SciRuby / daru

Data Analysis in RUby
BSD 2-Clause "Simplified" License
1.03k stars 139 forks source link

To optimize the result in from_excel #516

Closed weqopy closed 4 years ago

weqopy commented 4 years ago

There are some files have a merged cell in row 1, so the old codes only return the first column. I put the fixed '0' to opts to custom the row I want.

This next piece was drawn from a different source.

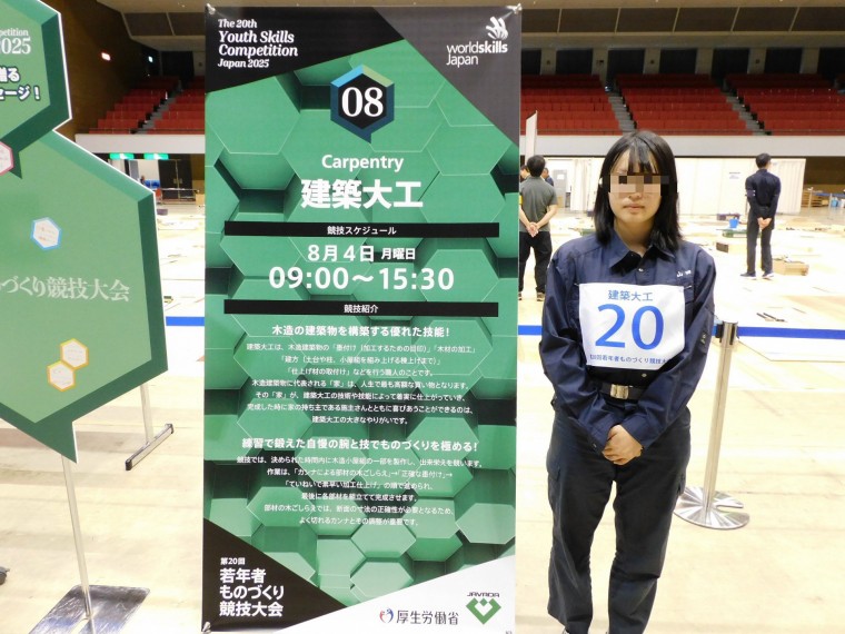 8月4日に香川県高松市で開催された第20回若年者ものづくり競技大会の建築大工職種に、上越テクノスクール木造建築科の訓練生1名が出場しました。

eg: image I want to get the columns from A to K but it returns only the column A like this: image

I don't know what's wrong with this file at this moment because daru returns well when I created a similar file like this: image and it return this: image

So I optimized the source code and use this way to solve my problem:

irb(main):034:0> df = nil
=> nil
irb(main):035:0> 10.times.each do |i|
irb(main):036:1*   puts i
irb(main):037:1>   df = Daru::DataFrame.from_excel(path, {:row_id => i})
irb(main):038:1>   next if df.vectors.to_a.compact.size <= 7
irb(main):039:1>   df
irb(main):040:1>   break
irb(main):041:1> end
0
1
2
3
=> nil
irb(main):042:0> puts df
#<Daru::DataFrame(47x11)>
weqopy commented 4 years ago

Anyone can help about the failed checks? The commit is well used in my project and I can't understand the details in the Travis CI. @Shekharrajak Could you please help me about this?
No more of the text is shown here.